> About this exercise: Set out exactly every line of the entries below, starting at the line that holds "Яд Вашем - Листы" and stopping after the line that holds "黒田 にも劣る野手が3人・・・しかも好調 がその4人のど真ん中・・・彼らはみんな得点に絡まず。".

Start of Data shown

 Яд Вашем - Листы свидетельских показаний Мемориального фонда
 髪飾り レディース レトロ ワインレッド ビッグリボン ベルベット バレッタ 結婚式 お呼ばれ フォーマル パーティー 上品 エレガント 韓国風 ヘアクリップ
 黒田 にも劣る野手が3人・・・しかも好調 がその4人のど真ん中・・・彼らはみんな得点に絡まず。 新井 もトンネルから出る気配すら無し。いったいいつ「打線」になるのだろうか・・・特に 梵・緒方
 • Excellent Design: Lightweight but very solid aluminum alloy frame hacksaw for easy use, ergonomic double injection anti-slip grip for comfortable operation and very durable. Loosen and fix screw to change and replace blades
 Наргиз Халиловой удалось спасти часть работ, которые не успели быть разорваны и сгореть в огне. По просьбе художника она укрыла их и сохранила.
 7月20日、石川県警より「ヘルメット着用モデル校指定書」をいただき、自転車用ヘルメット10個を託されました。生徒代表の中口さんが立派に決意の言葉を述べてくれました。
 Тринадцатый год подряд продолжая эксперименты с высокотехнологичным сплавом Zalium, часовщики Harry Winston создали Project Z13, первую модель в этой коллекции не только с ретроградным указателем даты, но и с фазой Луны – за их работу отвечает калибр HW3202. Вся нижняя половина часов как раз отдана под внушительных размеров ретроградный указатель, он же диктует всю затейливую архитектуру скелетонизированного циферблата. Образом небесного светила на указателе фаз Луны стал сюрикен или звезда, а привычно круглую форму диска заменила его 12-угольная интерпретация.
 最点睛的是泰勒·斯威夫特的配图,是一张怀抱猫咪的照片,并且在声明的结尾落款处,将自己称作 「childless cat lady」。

End of Data shown
Start of Data shown

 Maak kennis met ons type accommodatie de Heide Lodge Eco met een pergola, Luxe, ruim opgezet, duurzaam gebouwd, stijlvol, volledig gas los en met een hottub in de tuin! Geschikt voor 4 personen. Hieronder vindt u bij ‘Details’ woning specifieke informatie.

End of Data shown

> Completed exercise:
 Яд Вашем - Листы свидетельских показаний Мемориального фонда
 髪飾り レディース レトロ ワインレッド ビッグリボン ベルベット バレッタ 結婚式 お呼ばれ フォーマル パーティー 上品 エレガント 韓国風 ヘアクリップ
 黒田 にも劣る野手が3人・・・しかも好調 がその4人のど真ん中・・・彼らはみんな得点に絡まず。 新井 もトンネルから出る気配すら無し。いったいいつ「打線」になるのだろうか・・・特に 梵・緒方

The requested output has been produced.